What is being asked: From the first line to the last, transcribe the data exactly and skip the pictures.
--- Listed entries ---
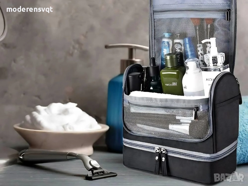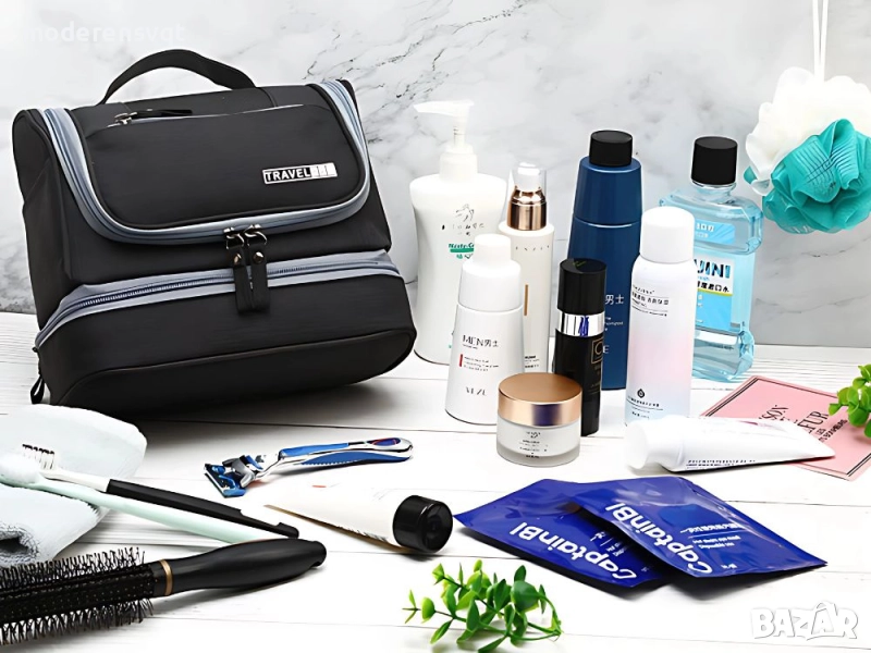 УДОБНА КОЗМЕТИЧНА ЧАНТИЧКА ЗА ПЪТУВАНЕ С ФУНКЦИЯ ЗА ЗАКЕСВАНЕ
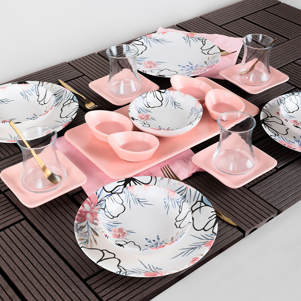 The Keramika Rossy 21-Piece 4-Person breakfast set, where eye-catching floral patterns come together with soft colors, will brighten your tables. With this set that will turn your tables into flower gardens, your guests will not be able to take their eyes off your tables. You can choose this breakfast set as a special gift or you can choose to serve your loved ones a nice Sunday breakfast.
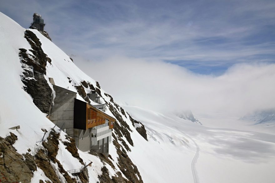Výhledy z okna, vytesaného ve skále v severní stěně Eigeru, Švýcarsko.
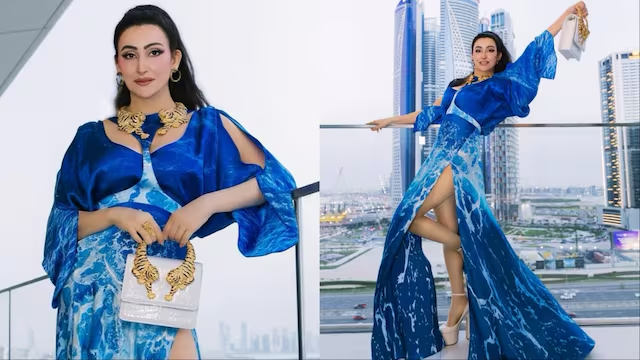 Actress Urvashi Rautela, known for her fearless fashion sense, stunned the world with her elaborate mosaic-inspired gown by Michael Cinco. The gown featured reflective elements and a dramatic silhouette that shimmered under the Cannes lights. She accessorized the look with a parrot-shaped clutch from Judith Leiber, reportedly worth over ₹4.68 lakh, and a dazzling crystal tiara, which completed her royal appearance.
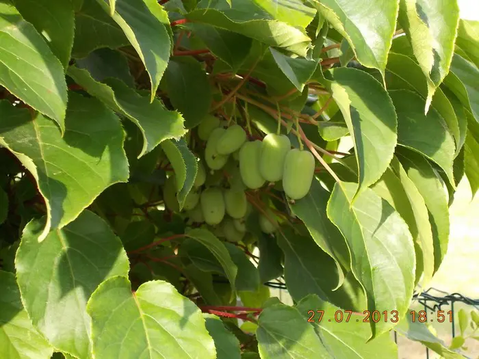Ces petits kiwis (3-5 cm) sont comestibles et ont un goût aromatique sucré.
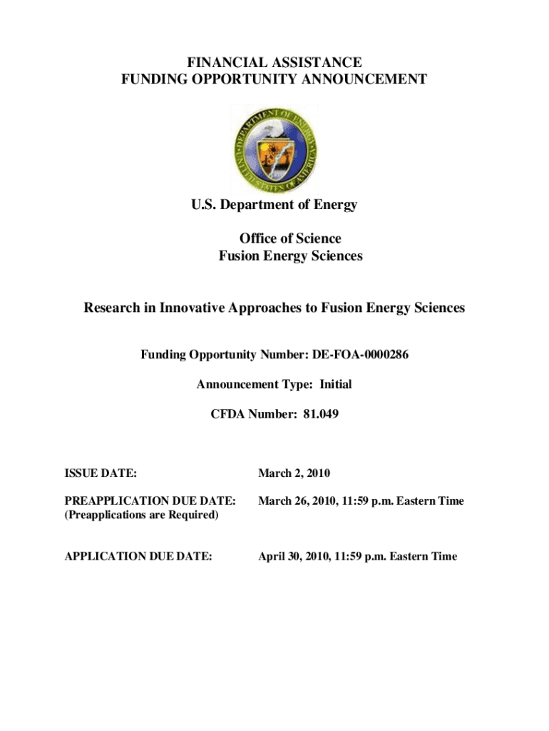 FINANCIAL ASSISTANCE FUNDING OPPORTUNITY ANNOUNCEMENT. S. Department of Energy Office of Science Fusion Energy SciencesResearch in Innovative Approaches to Fusion Energy Sciences Funding Opportunity
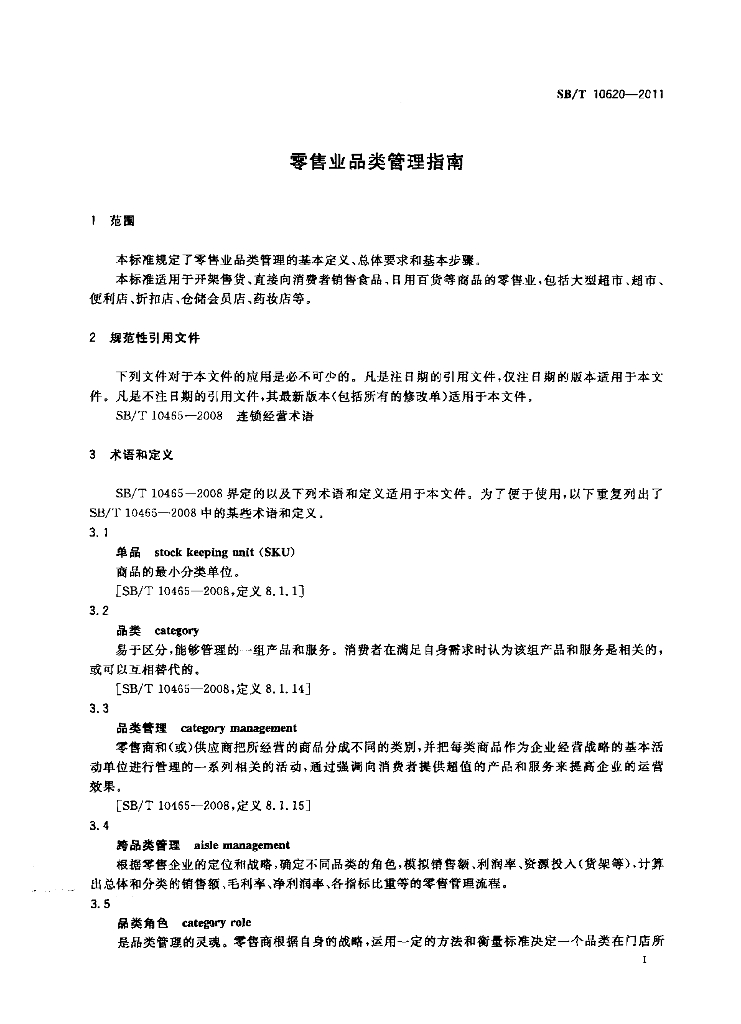 SB/T 10620-2011 零售业品类管理指南
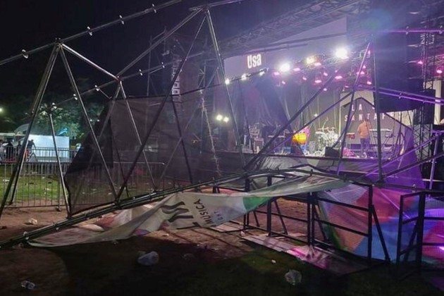 Parte del escenario terminó cediendo producto de los fuertes vientos.
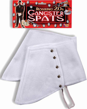 Wear these White Spats over your own black shoes to recreate the dapper effect favoured by gents from the 1890's to the 1940's. Made from white felt fabric with silver toned metallic faux buttons. Perfect accessory for gangsters and other early 20th century period costumes.
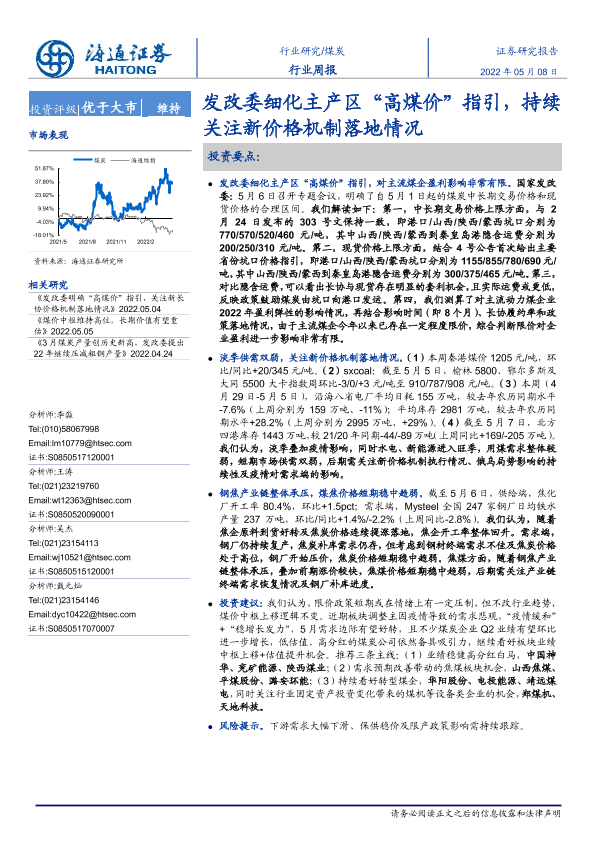 【海通证券】【20220508】20220508-海通证券-煤炭行业周报:发改委细化主产区“高煤价”指引,持续关注新价格机制落地情况-2页
---
Exercise result:
 УДОБНА КОЗМЕТИЧНА ЧАНТИЧКА ЗА ПЪТУВАНЕ С ФУНКЦИЯ ЗА ЗАКЕСВАНЕ
 The Keramika Rossy 21-Piece 4-Person breakfast set, where eye-catching floral patterns come together with soft colors, will brighten your tables. With this set that will turn your tables into flower gardens, your guests will not be able to take their eyes off your tables. You can choose this breakfast set as a special gift or you can choose to serve your loved ones a nice Sunday breakfast.
Výhledy z okna, vytesaného ve skále v severní stěně Eigeru, Švýcarsko.
 Actress Urvashi Rautela, known for her fearless fashion sense, stunned the world with her elaborate mosaic-inspired gown by Michael Cinco. The gown featured reflective elements and a dramatic silhouette that shimmered under the Cannes lights. She accessorized the look with a parrot-shaped clutch from Judith Leiber, reportedly worth over ₹4.68 lakh, and a dazzling crystal tiara, which completed her royal appearance.
Ces petits kiwis (3-5 cm) sont comestibles et ont un goût aromatique sucré.
 FINANCIAL ASSISTANCE FUNDING OPPORTUNITY ANNOUNCEMENT. S. Department of Energy Office of Science Fusion Energy SciencesResearch in Innovative Approaches to Fusion Energy Sciences Funding Opportunity
 SB/T 10620-2011 零售业品类管理指南
 Parte del escenario terminó cediendo producto de los fuertes vientos.
 Wear these White Spats over your own black shoes to recreate the dapper effect favoured by gents from the 1890's to the 1940's. Made from white felt fabric with silver toned metallic faux buttons. Perfect accessory for gangsters and other early 20th century period costumes.
 【海通证券】【20220508】20220508-海通证券-煤炭行业周报:发改委细化主产区“高煤价”指引,持续关注新价格机制落地情况-2页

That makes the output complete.